It is about being responsible and not mediagenic
Fr Ireneusz Skubis
Flood. A tragic word, especially for those who have been afflicted: they lost their houses, properties and even family members. The ruthless element took everything. What is left is people crying, helpless and with empty hands. We can see great dramatic situations in many places and many families. This is another Polish tragedy. This time it is a little different and it touches ordinary people. But pain, sorrow and big misery are the same. Ruined properties, roads, disturbed work as well as social and state life.
Of course, the state cannot be replaced as far as protection of its citizens against such similar situations is concerned. The state must be cautious and foresee what dangers can threat the nation. Several months ago the Government Inspectorate stated that our country was not sufficiently prepared to floods: it did not even have suitable maps of endangered areas, sufficient lists of needs in case of disaster; it did not build new reservoirs and did not clean the so-called water flows, etc. And the disaster occurred. One should ask, ‘where is responsibility for the country? Do those responsible for this country, for its all structures, realise that it is them that are responsible for that?’ They are paid for this job, sometimes their pay is very big, and should be held accountable. But we can hear, ‘Water naturally comes and goes’ or ‘I have not chosen your borough leader’ as if only the leader decided to protect the whole region or area against flooding. We must have whole structures, law, parliamentary groups and all kinds of consultants to work on it. We should have funds for cases of cataclysms when people lose all that they have worked for in one moment and it is not their fault.
Recently, after the plane crash at Smolensk, we have talked that the state must protect their citizens when they are abroad and something wrong happens. The state must implement tools to examine the circumstances and causes of the crash and it should not rely only on others. The same should apply to internal affairs of the state. These are serious problems. And we do not mean that someone has a smaller or bigger list of witty expressions or shower empty assurances that it is going to be fine, but we want to deal with responsible people, true statesmen.

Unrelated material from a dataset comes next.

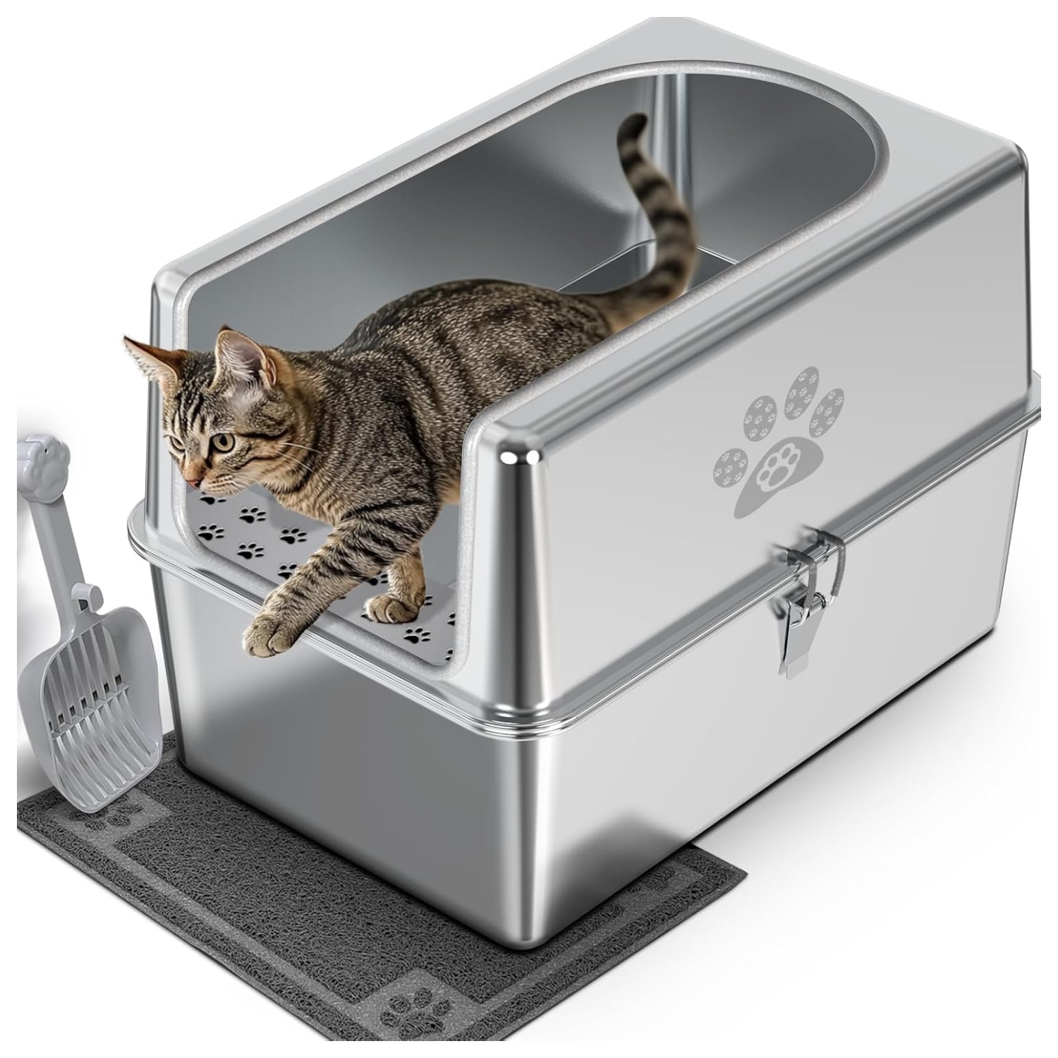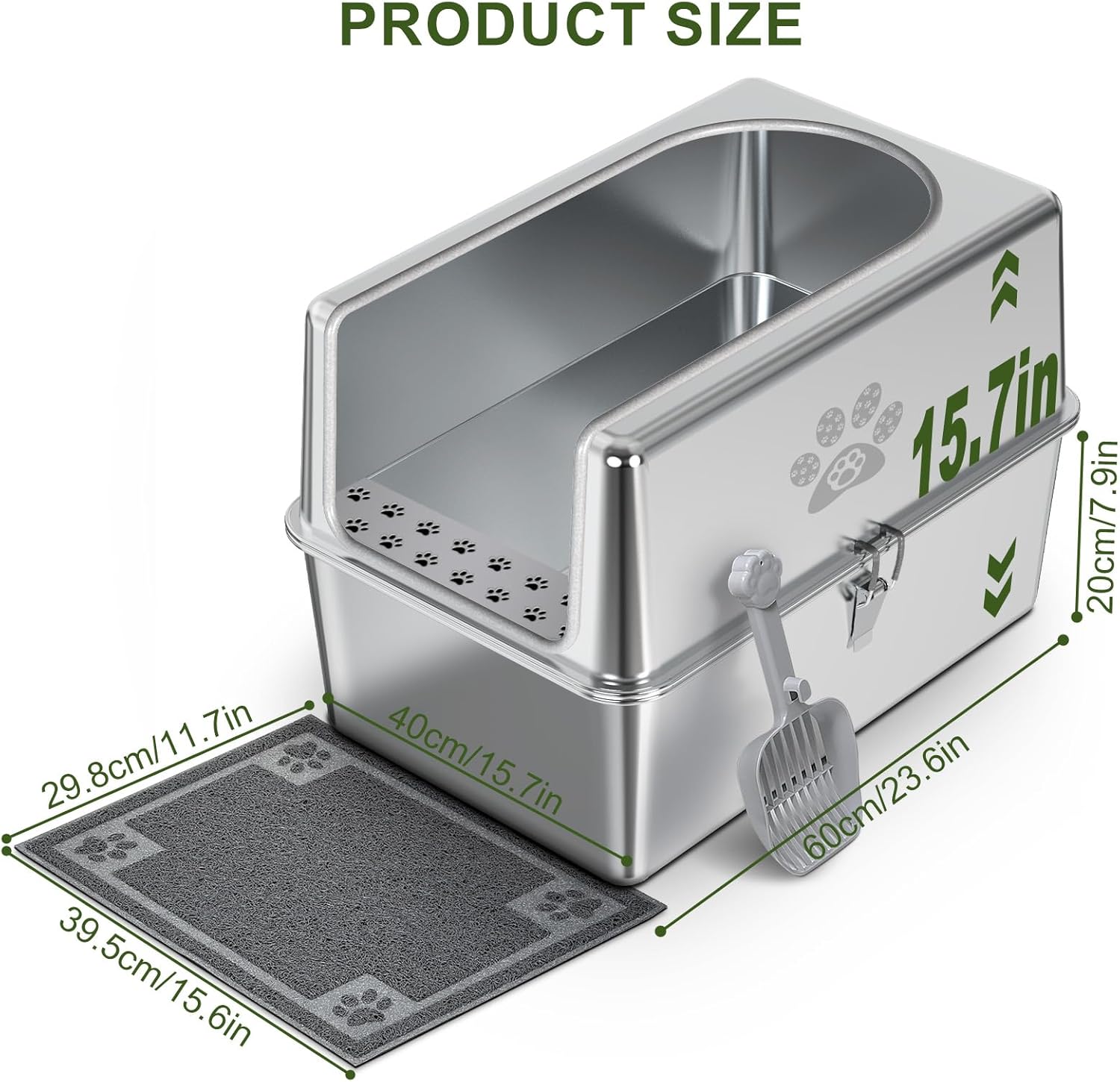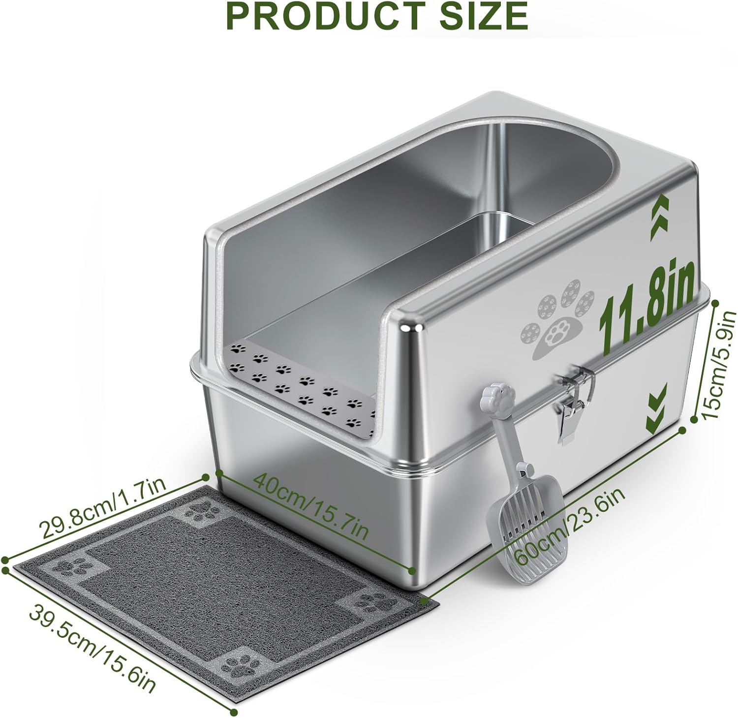 Arenero Abierto con Borde de Acero Inoxidable para Gatos + Alfombra y Pala

In the period of a new national tragedy we have the right to ask, ‘Has Poland such statesmen, responsible people who know how to react in difficult situations and do concrete good for people and the state? Have we such MPs who do not look for their own interests, caring only for their financial profits, but for whom people are most important? Have we people who follow principles?’ During the time of great powerlessness and helplessness we would like to feel stronger thanks to wise people who want to govern our country. Today we ask for such people loudly and firmly.